СВЕЧА НА ПОДОКОННИКЕ
Малая, милая родина, уж если мы не постыдимся коснуться этого слова, через переделкинский поселок приводит на кладбище. У меня на стене, над изголовьем, висят фотографии леса и могилы отца. Сегодня эта могила как свеча, которую его мать, моя бабушка, когда-то ставила на подоконник. Родное, хоть и не очень ухоженное место, со столькими близкими людьми, упокоившимися неподалеку. Но кладбище это мне не достанется, я знаю, едва ли мне придется умереть в России. К тому же место это весьма особое, я же ни в какую привилегированную особость не вписан. Да и жена здесь, в Италии, не след нам разлучаться после всей прожитой жизни, и дети в основном живут неподалеку, надеюсь, и посетят. «И хоть бесчувственному телу равно повсюду истлевать, но все же к милому пределу…» Так что приходится с этим смириться; «милый предел» как причал вечности останется в тех краях. Но однажды я, может быть, войду туда, как в подаренный мне уголок неприметной славы Божией, потеряюсь в чаще, полной звенящего безмолвия встречи. Забуду дорогу назад, увижу за деревьями отца, мать, всех вошедших в мою жизнь и любимых мною под покровом Богородицы, Матери Божией, у лика Рожденного Ею.
ПОСЛЕСЛОВИЕ
По стечению обстоятельств в этом году ровно 50 лет, как ушел отец. Я очень рад появлению на свет этих размышлений моего брата. Надо было, чтобы пандемия и вынужденное затворничество очистили ум от рутинных забот, улеглась рябь на поверхности повседневного бытия, чтобы из ушедшего времени явился образ отца. Если бы я был религиозным человеком, то назвал бы это Провидением. Есть, конечно, и материалистическое, всем очевидное объяснение, генетическое, психологическое, культурное. Через полвека после смерти отца все еще живы его дети и, следовательно, его частичка. За этот срок можно было многое обдумать о себе и о нем; давно уже пришло понимание, что моя жизнь есть звено в ряду других, как была отцовская, и очень рад, что брат Владимир придерживается того же мнения. Линия Корнелия Зелинского – от дворянских корней к русским интеллигентам начала века.
Мы получаем наследство по праву рождения. Мне достались книги, небольшая часть отцовской библиотеки. Их можно было продать, а можно было и прочесть. Память об отце мы тоже получили по праву рождения. Она соткана из тысяч (миллионов?) черточек, «квантов памяти», что дают живой образ. Такая память, конечно же, может быть и пристрастной, но это живое свидетельство; она может ошибаться как часть человека, зато обладает свойством объемности. Ее природа другая, чем у двумерных листов из архива.
Мне близка догадка брата о природе явления, возникшего в начале века на Русской земле.
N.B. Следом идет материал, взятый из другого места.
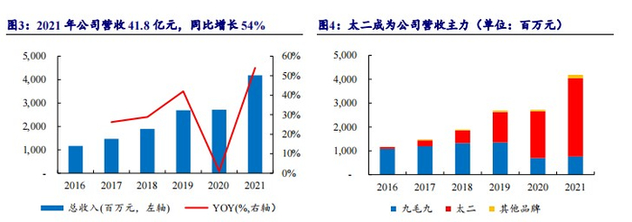 多品牌布局多场景,协同打开增长空间是九毛九的美好愿景。火锅、烤鱼、小吃等赛道上的试探,让九毛九的想象空间有所提升。然而,2021年门店数量除了太二大幅增长外,2颗鸡蛋煎饼(自营)门店仅增长3家,怂冷锅串串仍为1家。所以其他品牌如怂火锅、烤鱼等尚未给其业绩提供太多助力。2021年公司来自其他品牌的收入为1.27亿元,占总营收比例仅为3%。
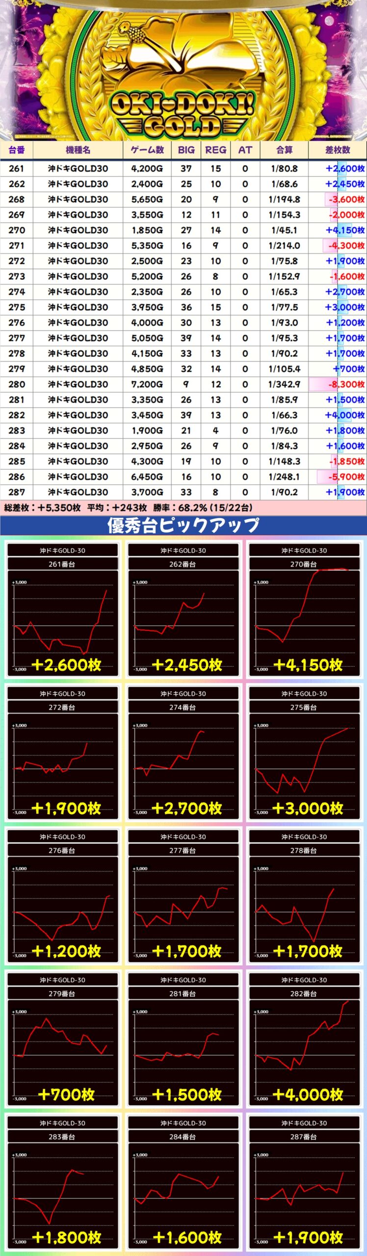 この日は総差枚+238,300枚、台平均+540枚という驚愕の結果。定番仕掛けだけでなく、様々なエリアから好調機種が多数出現し全体的に盛り上がっていました。全体勝率が50%を上回っていることからも、かなり多くのお宝が用意されていたことがお分かりいただけると思います。

Русский смерч перед тем, как раскидать и уничтожить обломки прошлой жизни, собрал с земли миллионы песчинок-людей и вознес их высоко к небу. Все они вращались в воронке вместе: старые «идейные» большевики и эсеры, молодые мечтатели, энтузиасты и фанатики революции, люди старой культуры (Блок, Брюсов, Горький), солдаты – вчерашние крестьяне, авантюристы типа Блюмкина, да и просто бандиты. Природой такого революционного торнадо только и можно объяснить их противоестественную общность. Отца засосало в жерло по его доброй воле. Но, очевидно, было помимо этого, и более высокое, общее для них всех предопределение.
Есть для меня моменты спорные. Согласен с оценкой брата содержания и стиля рецензии на цветаевский сборник 1940 года, как писал отец, «душная, больная книга». Между тем душной была атмосфера тех лет, а больной – литература соцреализма. Книга, вольная и внутренне свободная, была немыслима. Но не считаю, что тот вердикт («формализм») был первым и главным, к которому подстроились все остальные, и что он-то и определил судьбу книги и, в конечном счете, ее автора. Уверен, книга не могла быть издана ни при каких отзывах, ни при каких обстоятельствах.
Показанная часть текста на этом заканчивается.